Today we celebrate Maestro John Williams' 83th birthday. Born on 8 February 1932 in Flushing, Queens in New York City, John was fed music, almost from day one. Of course his dad, being a percussionist for the CBS radio and in the Raymond Scott Quintet, was largely responsible for infecting him with the virus called music. When the family moved to Los Angeles in 1948, John, being a gifted piano player and founder of a jazz-band, started experimenting with arranging. He had already decided at the age of 15, that he wanted to be a concert pianist and at 19 he presented his first original composition: a piano sonata.

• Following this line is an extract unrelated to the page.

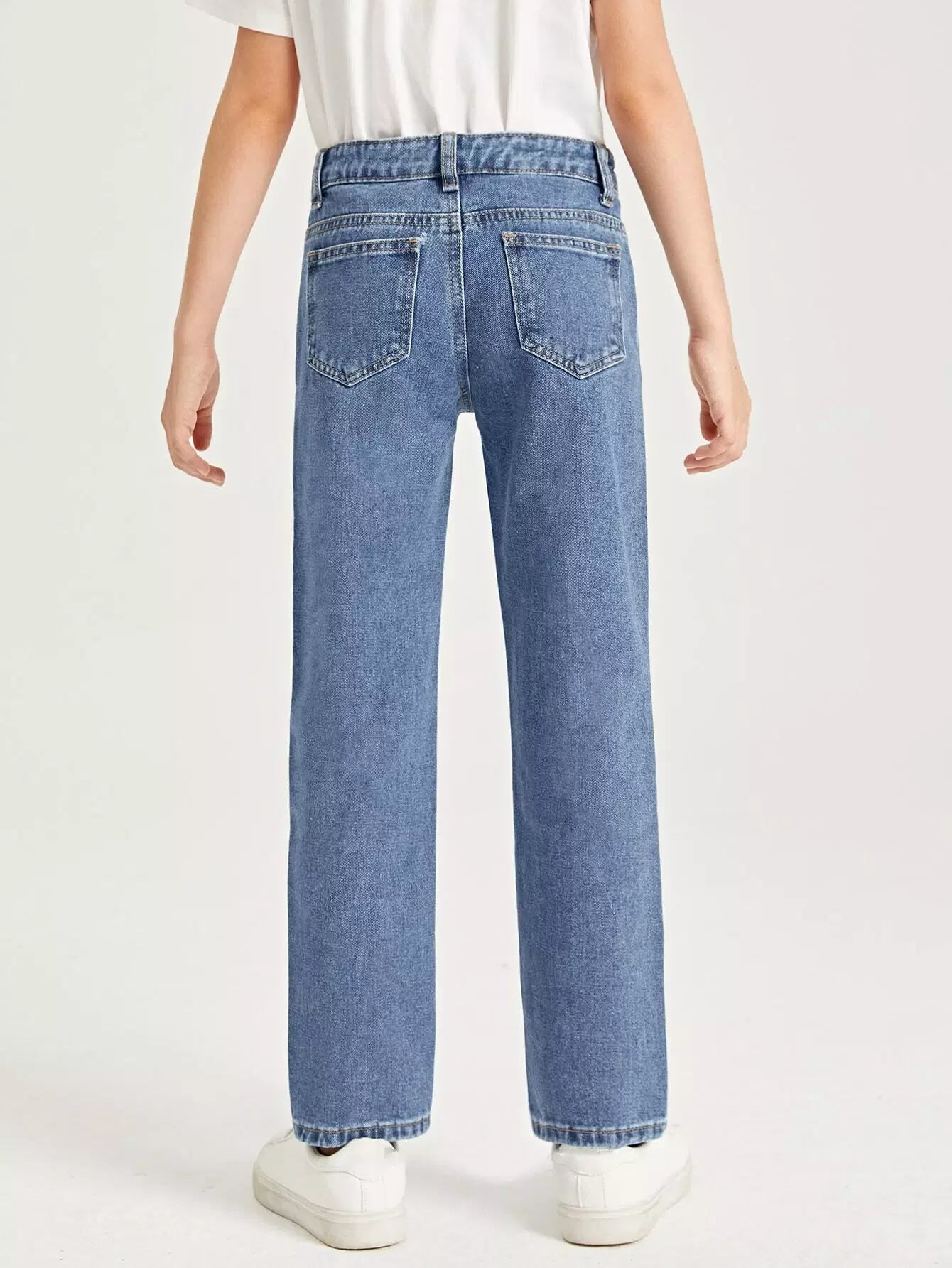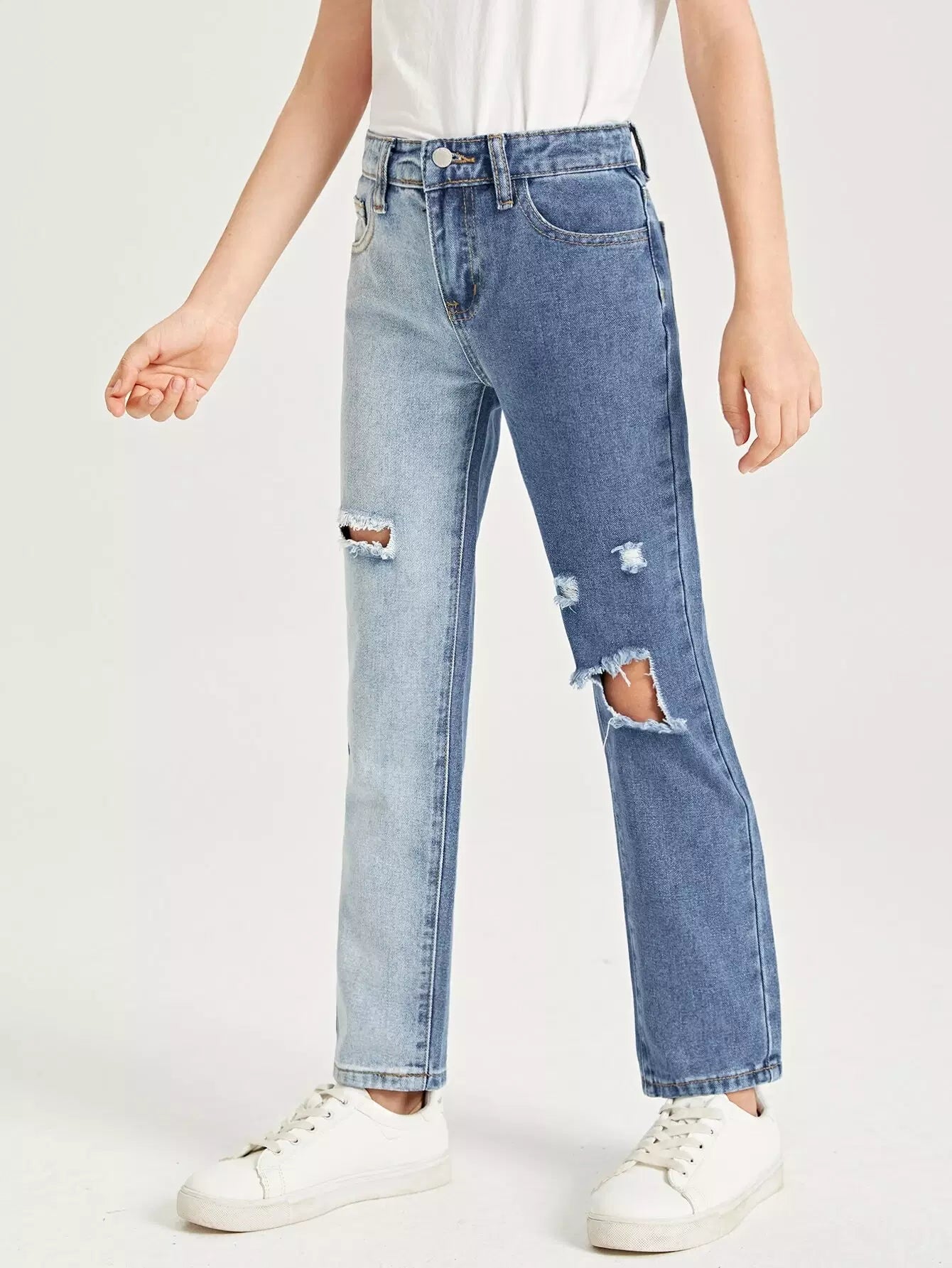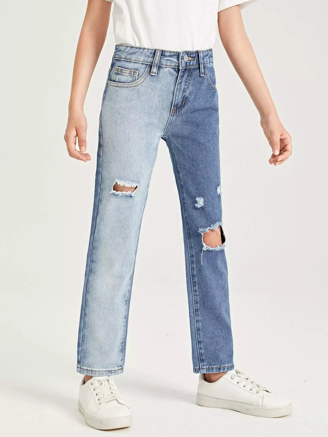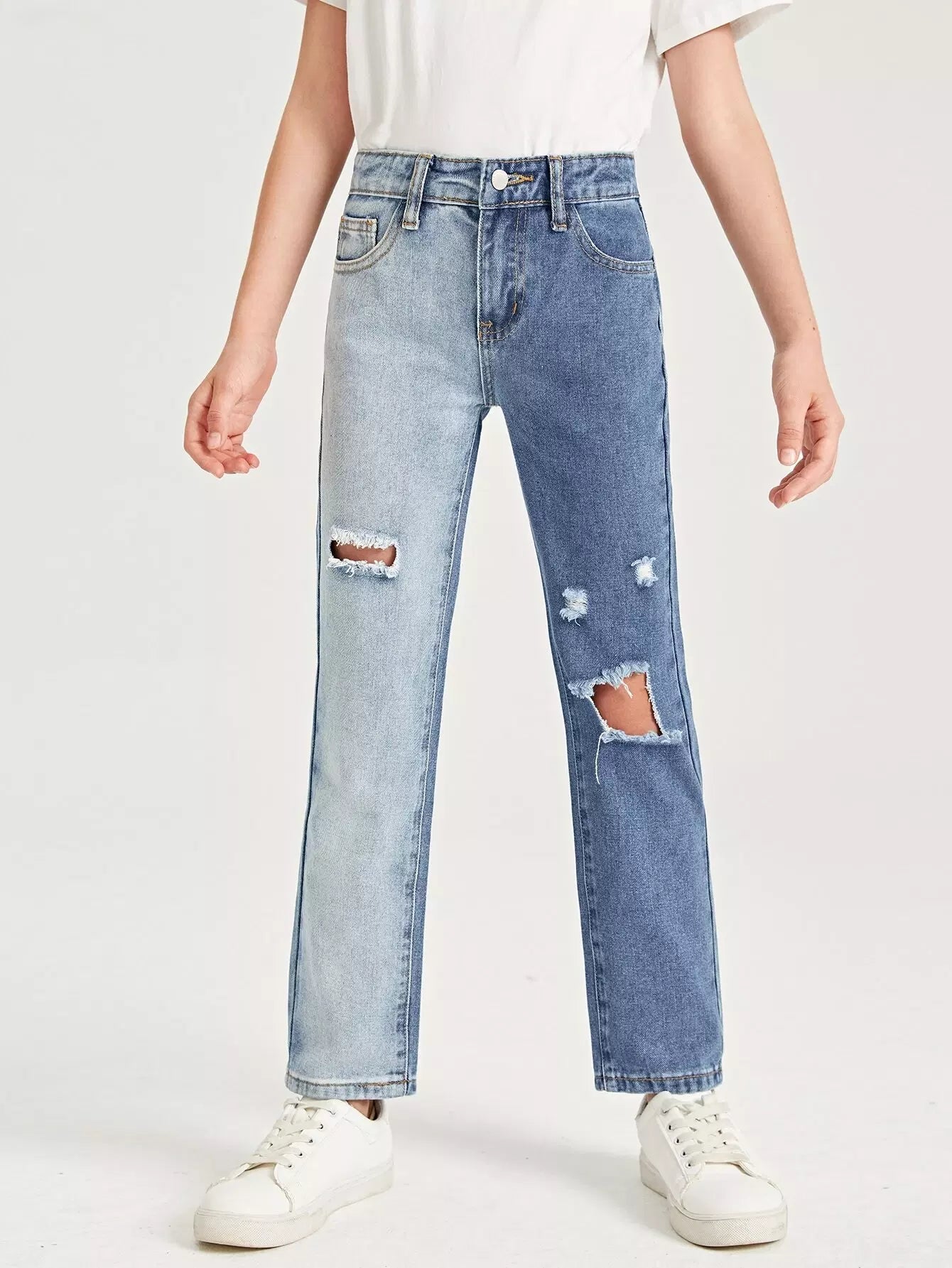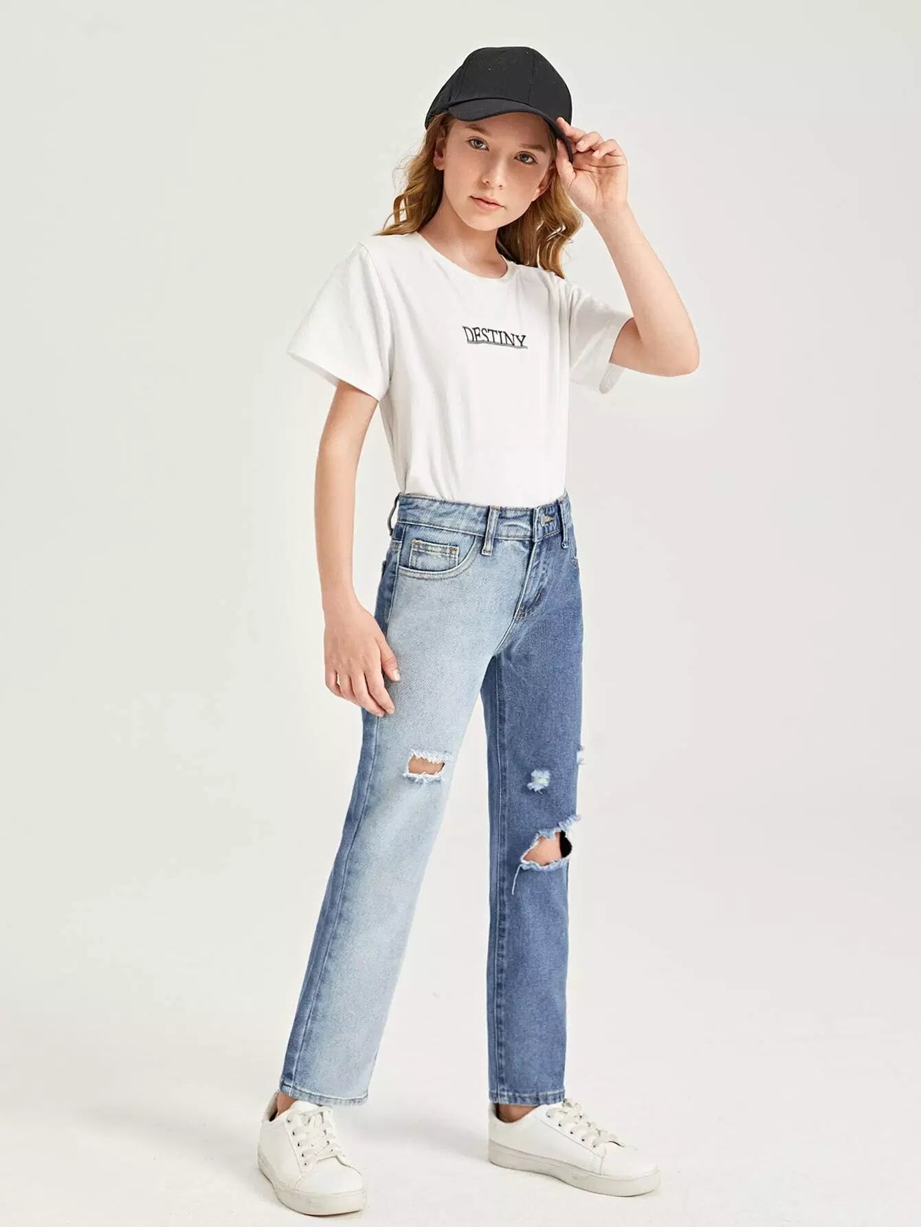 Girls High Waist Ripped Two Tone Straight Leg Jeans

He attended both UCLA and the Los Angeles City College, studying orchestration, until he started conducting for the U.S. Air Force for three years. When he returned to the States he went to Julliard, where renowned piano pedagoge Rosina Lhevinne helped him with his performing skills. She was also the one to urge John for composing himself.
In 1958 John started working in Hollywood as a piano player, for films like: Peter Gun, The Appartment and To kill a Mockingbird. He befriended the late Bernard Herrmann and became a staff arranger for Columbia and later for 20th Century Fox, orchestrating the music of the likes of Alfred and Lionel Newman, Dimitri Tiomkin and others.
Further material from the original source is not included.